Serguei Rondón

Personal information
- Full name: Serguei Rondón Pedroso
- Born: 28 October 1979 (age 46) Havana, Cuba
- Height: 1.70 m (5 ft 7 in)
- Weight: 66 kg (146 lb)

Sport
- Style: Freestyle
- Club: Cerro Pelado
- Coach: Filiberto Delgado

Medal record
Men's freestyle wrestling
Representing Cuba
Pan American Games
| Gold medal – first place | 2003 Santo Domingo | 66 kg |

= Serguei Rondón =

Cuban freestyle wrestler (born 1979)

Serguei Rondón Pedroso (born 28 October 1979) is a retired amateur Cuban freestyle wrestler, who competed in the men's welterweight category. He won the gold medal in the 66-kg division at the 2003 Pan American Games in Santo Domingo, Dominican Republic, and was later selected to the Cuban team for the 2004 Summer Olympics in Athens. Throughout his sporting career, Rondon trained for the wrestling team at Cerro Pelado Sports Club in Havana, under his personal coach and mentor Filiberto Delgado.

Rondon emerged himself into the global scene at the 2003 Pan American Games in Santo Domingo, Dominican Republic, where he pinned Colombia's Edison Hurtado on his final match to take home the gold medal in the men's welterweight division. Despite his early success from the Games, Rondon continued to reach the summit of the world rankings at the 2003 World Wrestling Championships in New York City, United States, but nearly missed out the podium after he lost the bronze medal match against Japan's Kazuhiko Ikematsu.

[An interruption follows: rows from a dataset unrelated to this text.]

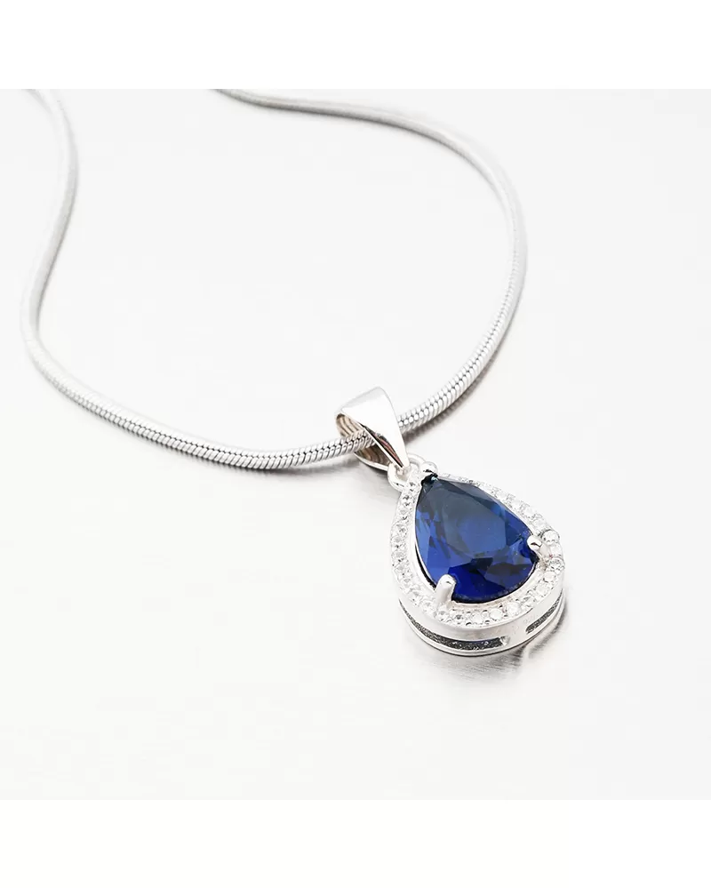 Túžite po niečom výraznom čo ozdobí Váš dekolt? Tak práve pre Vás je tu tento prívesok s modrým zirkónom v tvare kvapky. Okolo modrého zirkónu sú vsadené číre zirkóny v briliantovom bruse.
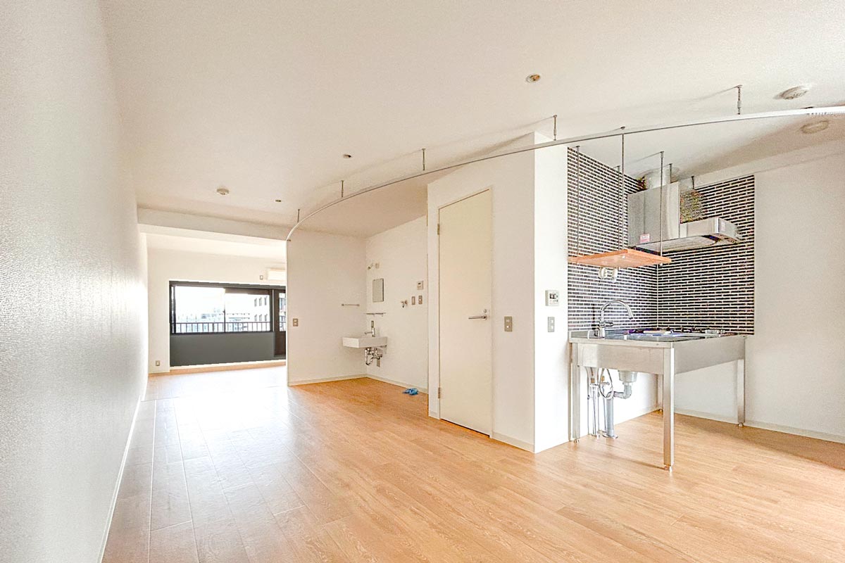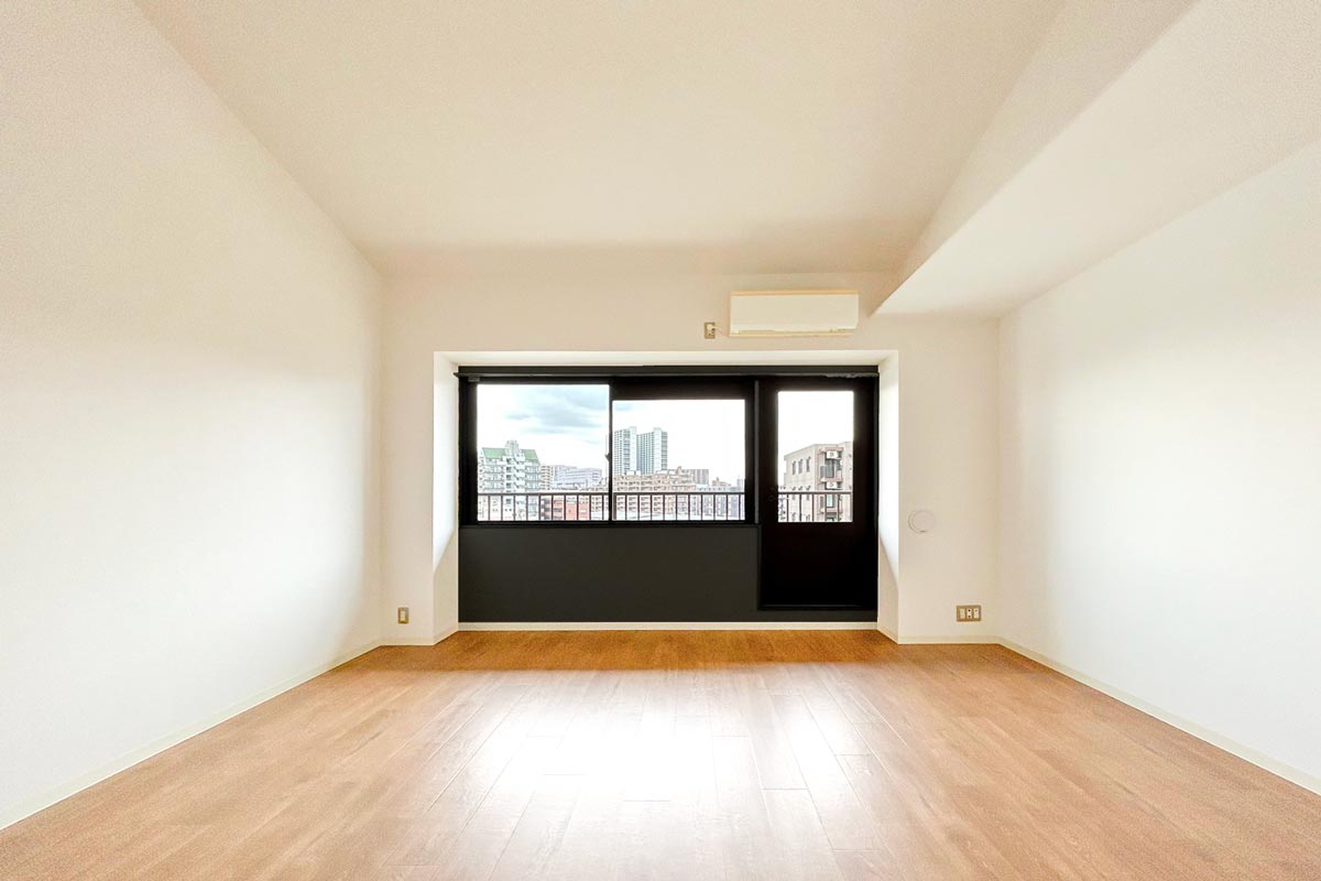 今回ご紹介するお部屋は角部屋の1LDKタイプ、最上階なので天井高が高くなっており開放感があります。
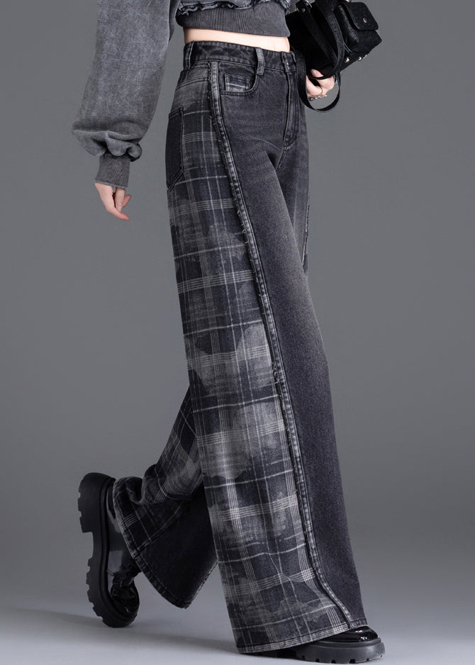 New Black Pockets Plaid Patchwork Warm Fleece Denim Pants Winter

At the 2004 Summer Olympics in Athens, Rondon qualified for the Cuban team in the men's 66 kg class by receiving a berth and placing fourth from the World Championships. He lost his opening match to Ukraine's Elbrus Tedeyev, who later claimed an Olympic gold at the end of the tournament, but managed to subdue Georgia's Otar Tushishvili with a ten-point technical fall, that left his opponent frail and injured. Finishing second in the prelim pool and ninth overall in the final standings, Rondon's performance was not enough to put him through into the quarterfinals.